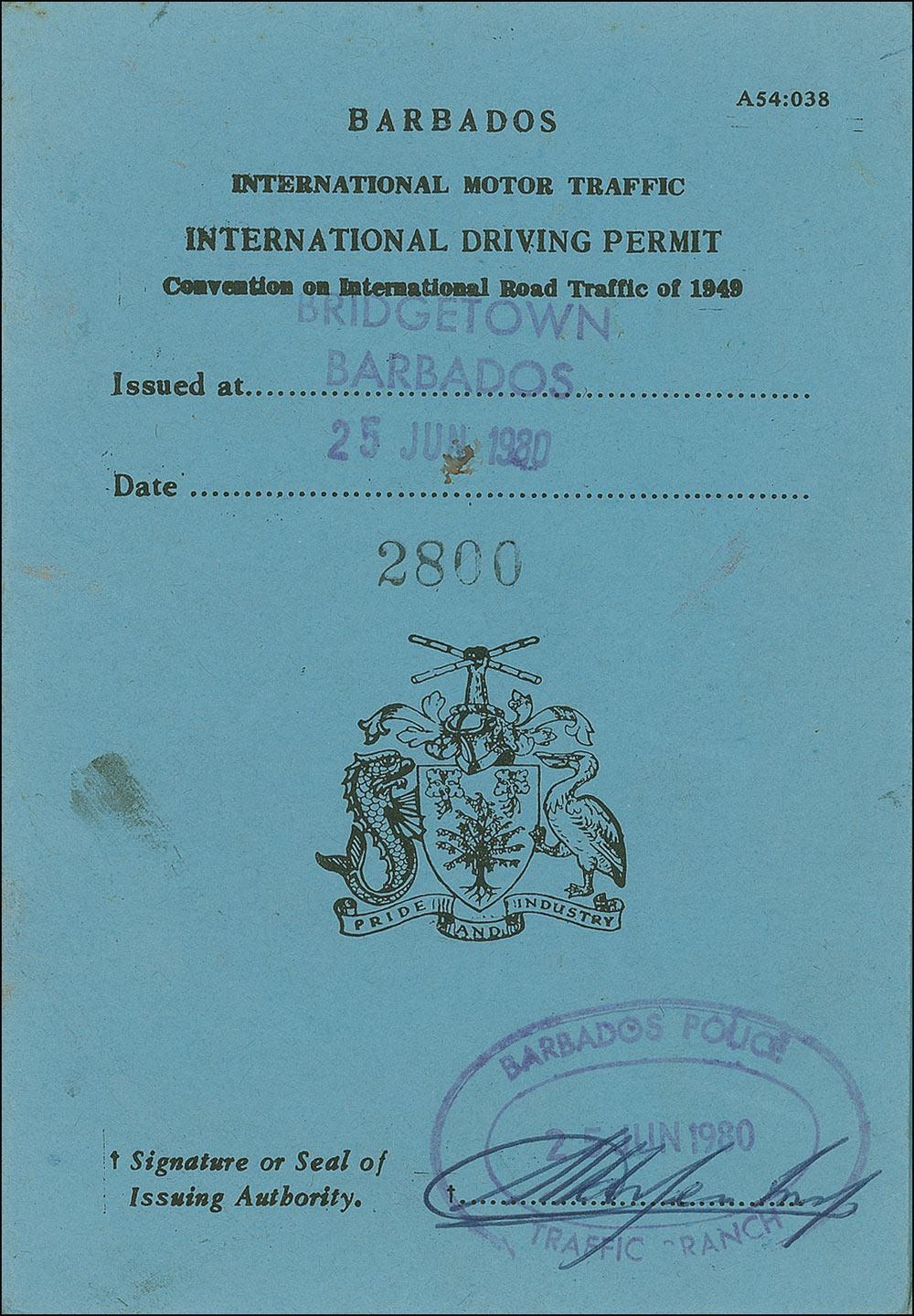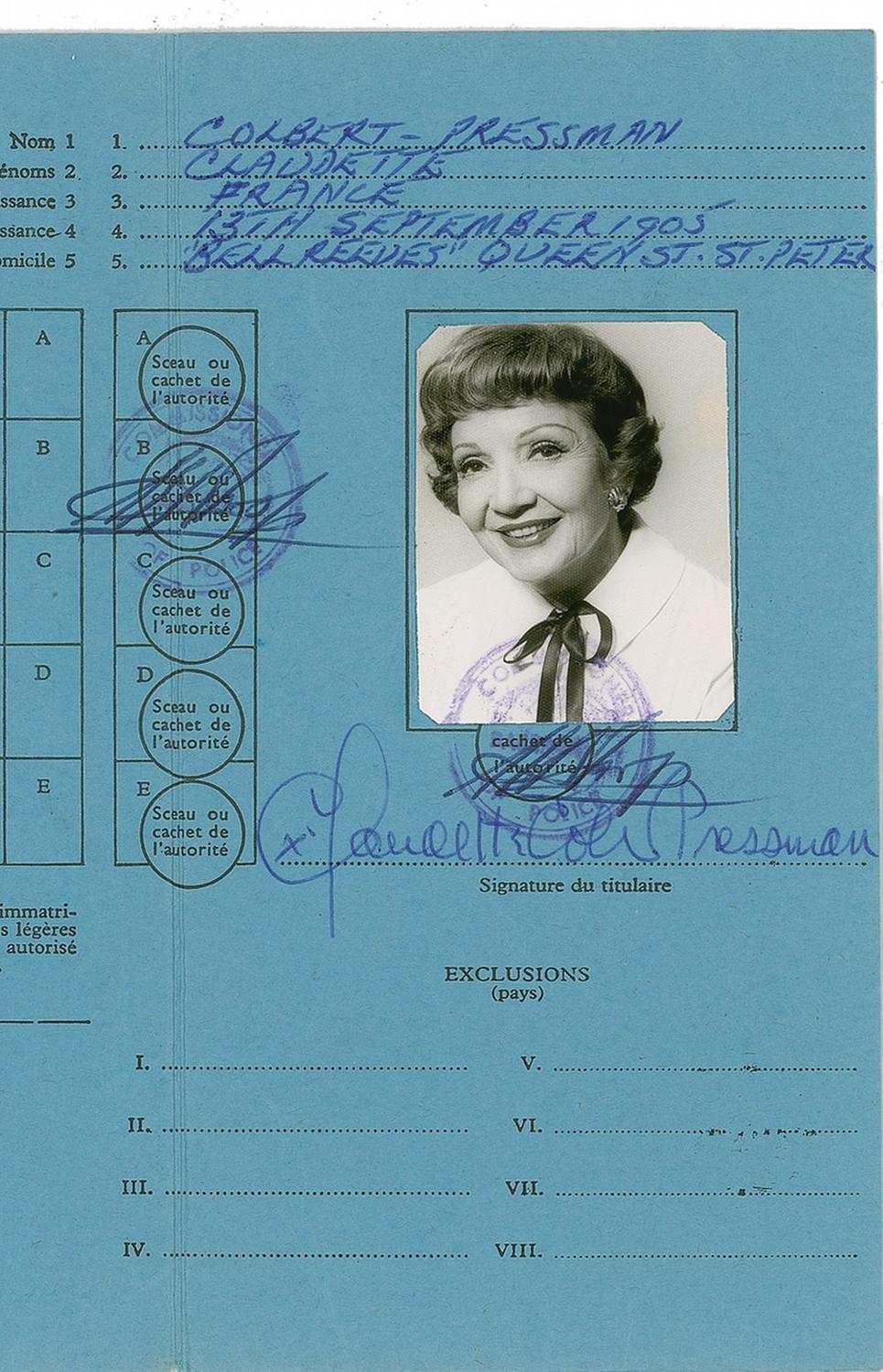 Colbert’s Barbados international driving permit, issued on June 25, 1980, 4.25 x 6.25, issued by the Barbados Police Traffic Branch. Fold-out back cover bears a 1.5 x 1.75 clipped snapshot, signed underneath in blue ballpoint, “Claudette Colbert-Pressman,” with her personal information filled out in another hand, including her birth date and residence. In fine condition, with official stamp over small portion of photo and signature, and expected light handling wear. Colbert’s residence listed in the permit “Bell reeves” was her summer home for years, and she spent her final years there after suffering several strokes.
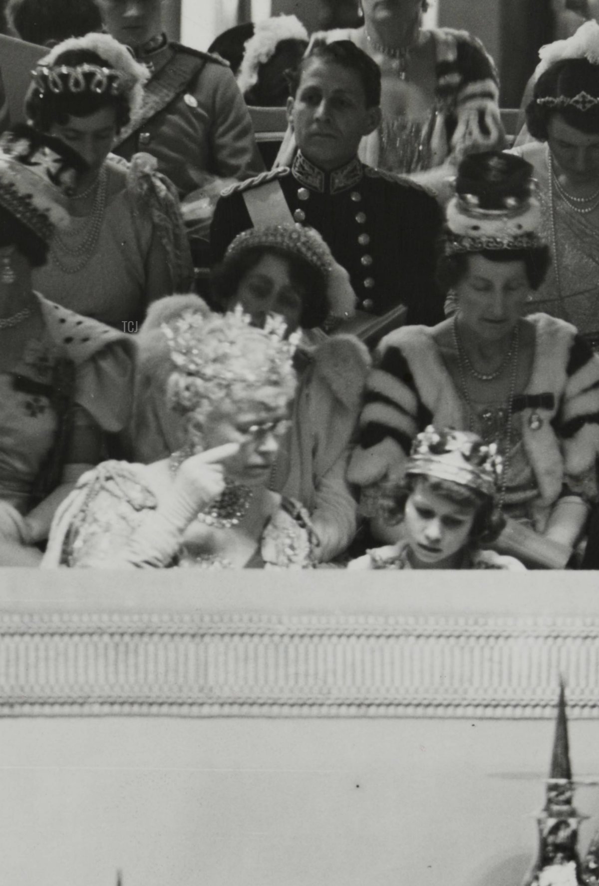 Moving along across the front of the royal box, we see Queen Mary consulting with Princess Elizabeth (later Queen Elizabeth II) on an aspect of the program. Little Elizabeth is wearing a special silver-gilt coronet made for her by Garrard for the ceremony, as well as a three-row pearl necklace given to her in 1935 by her grandfather, the late King George V. Behind the princess is Lady Elphinstone, sister of Queen Elizabeth the Queen Mother. She wears the Lotus Flower Tiara, loaned to her by Queen Elizabeth for the occasion.
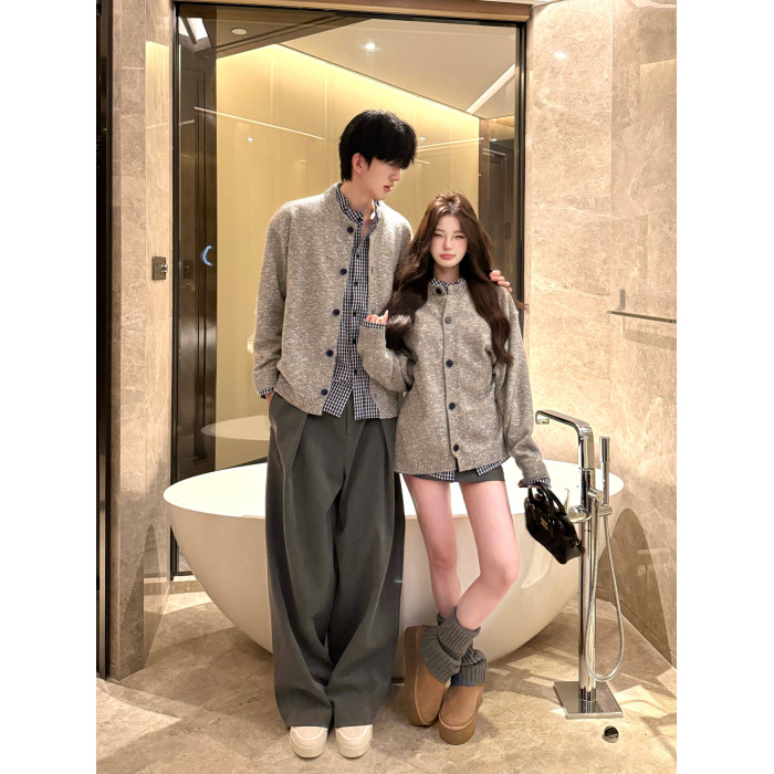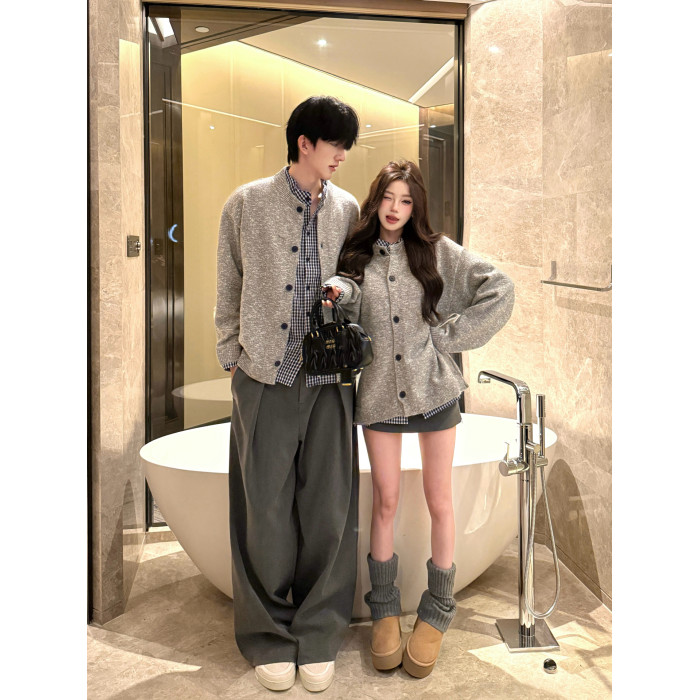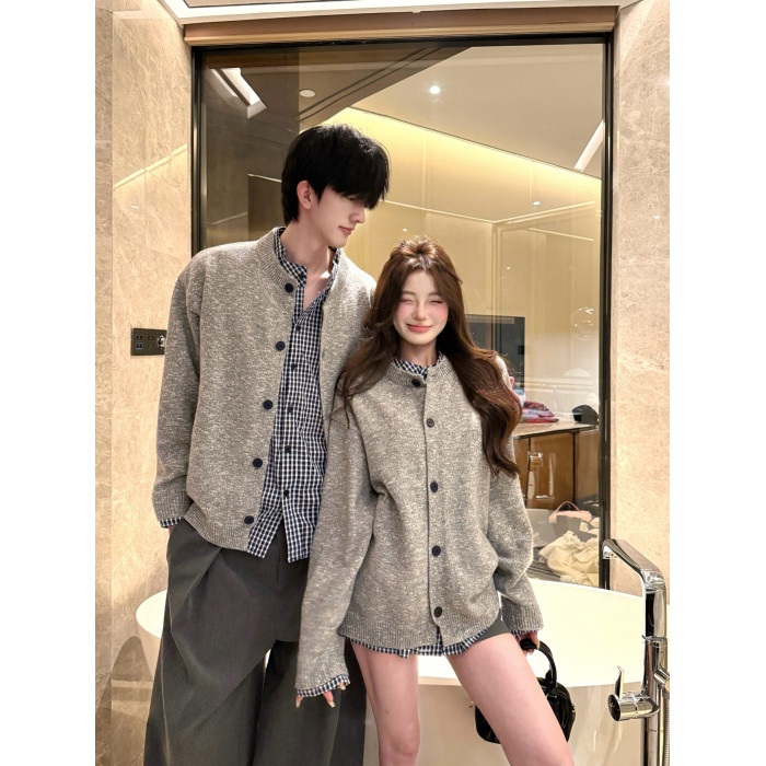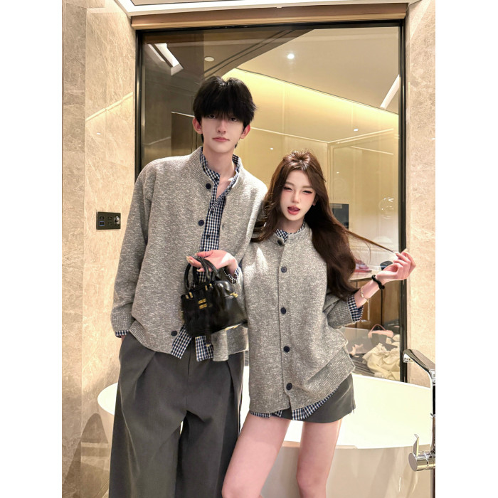 美式復古假兩件格子拼接毛衣男女情侶裝秋冬季高級感針織開衫外套
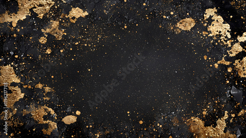 Dark abstract background with gold flakes - grunge texture. Blazetide. Illustration
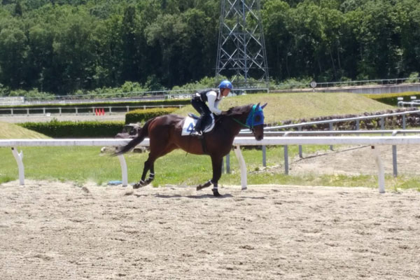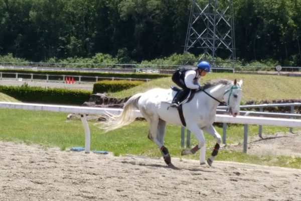 今回の馬なりで意識した事は、スピードに慣れることと馬の動きについて行くことです。良かった事は、内ラチ沿いをロスなく走行することが出来た事です。悪かった事は、手綱の詰め替えが出来ず、手綱がゆるくなってしまって馬とのコンタクトがとれていなかった事です。今後の訓練では、常に一定のコンタクトを保って乗れるようにしたいです。
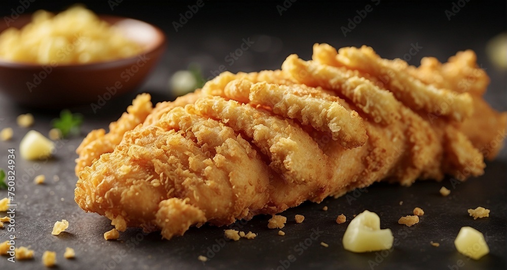 Craft a close-up photograph of a single crispy chicken strip, capturing ...
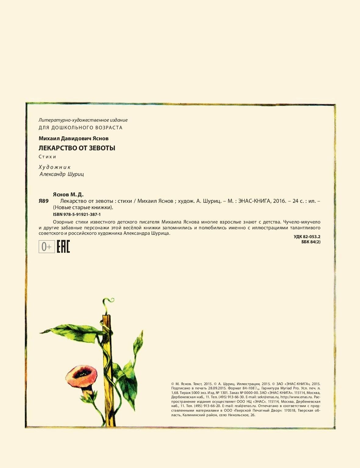 Книга: Лекарство от зевоты (Яснов Михаил Давидович); ЭНАС-КНИГА, 2016
----
## TASK
Repeat all the data as it stands, dropping any images it holds.

## EXERCISE OUTPUT
 Colbert’s Barbados international driving permit, issued on June 25, 1980, 4.25 x 6.25, issued by the Barbados Police Traffic Branch. Fold-out back cover bears a 1.5 x 1.75 clipped snapshot, signed underneath in blue ballpoint, “Claudette Colbert-Pressman,” with her personal information filled out in another hand, including her birth date and residence. In fine condition, with official stamp over small portion of photo and signature, and expected light handling wear. Colbert’s residence listed in the permit “Bell reeves” was her summer home for years, and she spent her final years there after suffering several strokes.
 Moving along across the front of the royal box, we see Queen Mary consulting with Princess Elizabeth (later Queen Elizabeth II) on an aspect of the program. Little Elizabeth is wearing a special silver-gilt coronet made for her by Garrard for the ceremony, as well as a three-row pearl necklace given to her in 1935 by her grandfather, the late King George V. Behind the princess is Lady Elphinstone, sister of Queen Elizabeth the Queen Mother. She wears the Lotus Flower Tiara, loaned to her by Queen Elizabeth for the occasion.
 美式復古假兩件格子拼接毛衣男女情侶裝秋冬季高級感針織開衫外套
 Dark abstract background with gold flakes - grunge texture. Blazetide. Illustration
 今回の馬なりで意識した事は、スピードに慣れることと馬の動きについて行くことです。良かった事は、内ラチ沿いをロスなく走行することが出来た事です。悪かった事は、手綱の詰め替えが出来ず、手綱がゆるくなってしまって馬とのコンタクトがとれていなかった事です。今後の訓練では、常に一定のコンタクトを保って乗れるようにしたいです。
 Craft a close-up photograph of a single crispy chicken strip, capturing ...
 Книга: Лекарство от зевоты (Яснов Михаил Давидович); ЭНАС-КНИГА, 2016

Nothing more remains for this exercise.